Sounds like your goal and mine are similar. I've lost all the weight I want to, and then some. I joined a HIIT program last July. Since that time I've lost another 10 lbs, though gained barely any muscle. We do strength training 3 days a week for 45 mins. It's always different, no two days are the same. We alternate Leg/arm/leg then arm/leg/arm.
I'm not sure what I'm missing to gain some more muscle.

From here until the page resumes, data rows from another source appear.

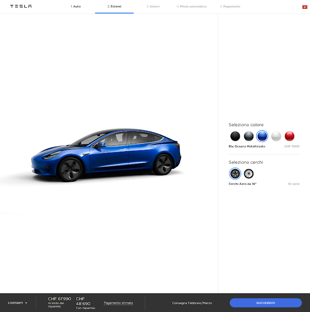 Scegliendo la meno costosa, mi viene proposto di scegliere il colore della carrozzeria (il nero è senza maggiorazione di prezzo, gli altri colori costano fino a 2600 CHF) e il tipo di cerchi (quelli Sport da 19" costano altri 1600 CHF; quelli Aero sono di serie).
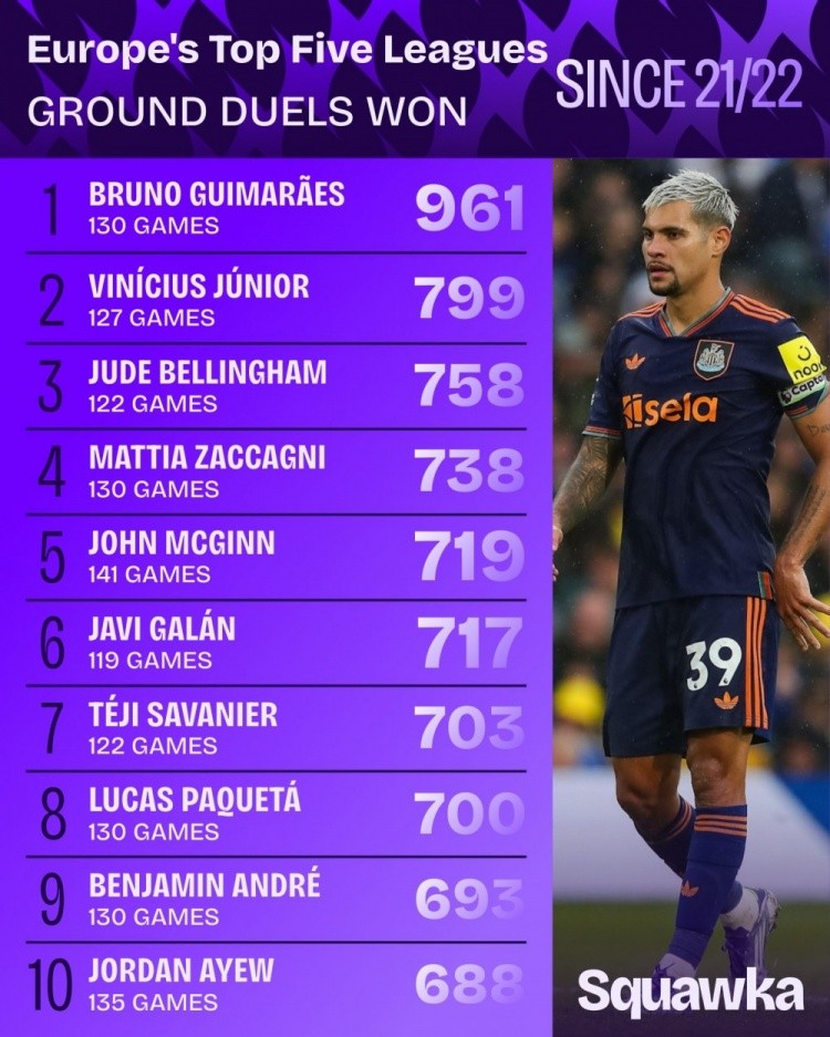 9月11日讯 Squawka统计了2021-2022赛季以来球员在五大联赛地面对抗成功的次数,并列出榜单,吉马良斯961次居首,维尼修斯、贝林厄姆二三位。
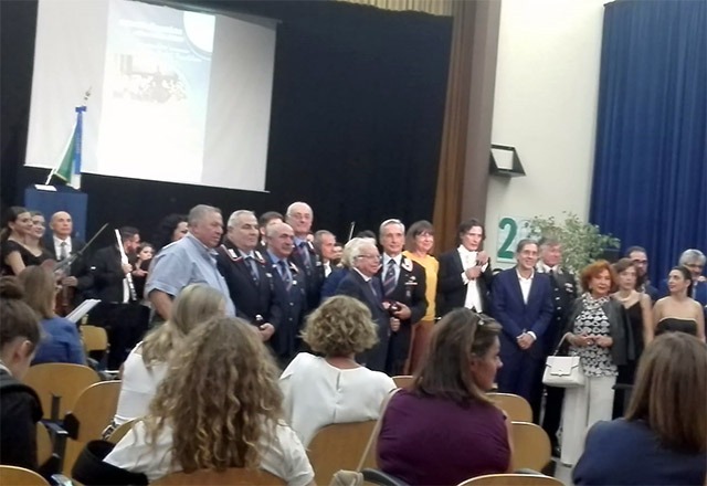 Nel corso della cerimonia, iniziata con l’esecuzione dell’Inno d’Italia, si sono intrecciati ai brani musicali gli interventi del coro guidati dai docenti di canto.
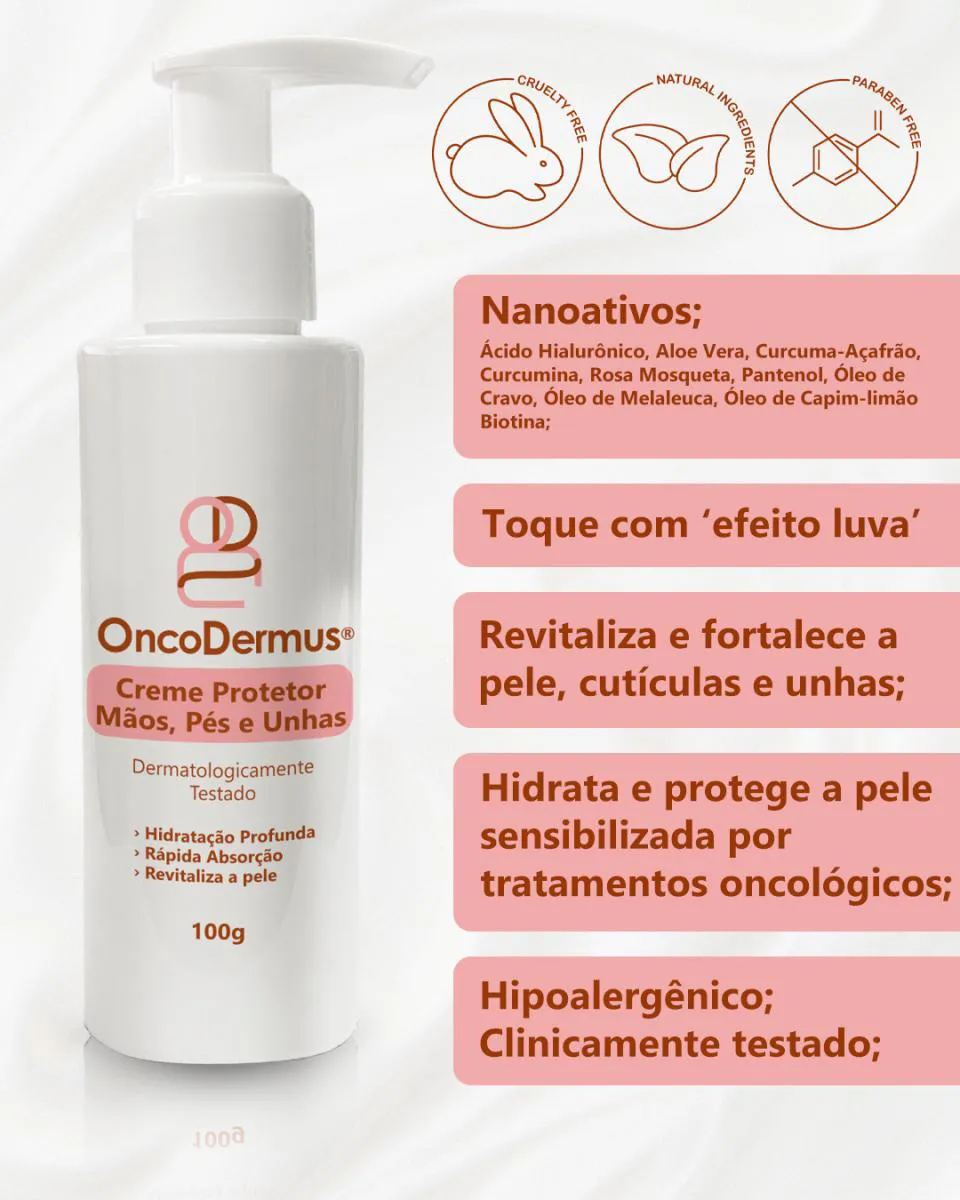 Creme Protetor para Mãos, Pés e Unhas, 100G, Hidratação Profunda Oncodermus

For me it's been the right blend of supplementation and better diet. I try to actively hit 1g protein per pound bodyweight per day (or roughly 200g). I try to get at least 100g carbs, which turns into making sure I don't go over 200g since for me carbs add up quickly.
Also I honestly haven't done that much cardio work lately since I've been trying to add. The HIIT training is great especially for burning fat, but if you're now trying to add some muscle, it may be that you want to spend a little more time doing strength training and less time doing the HIIT. I just try to balance these and watch my physique to ensure I'm not adding unnecessary flab. I'll probably be adding in some more cardio here soon to cut back a little.
I'm pretty close to those same protein and carb numbers. I can't change the program other than adding my own on top of it. I signed up for a one year program (I know I know, sunk cost) so I'm going to keep it up. But I could add on an extra 2+ hrs a week of strength training...
I've been doing daily pushups as well - trying to get in around 100/day. I'm still maxing out around 21/22 in a single go before I just collapse.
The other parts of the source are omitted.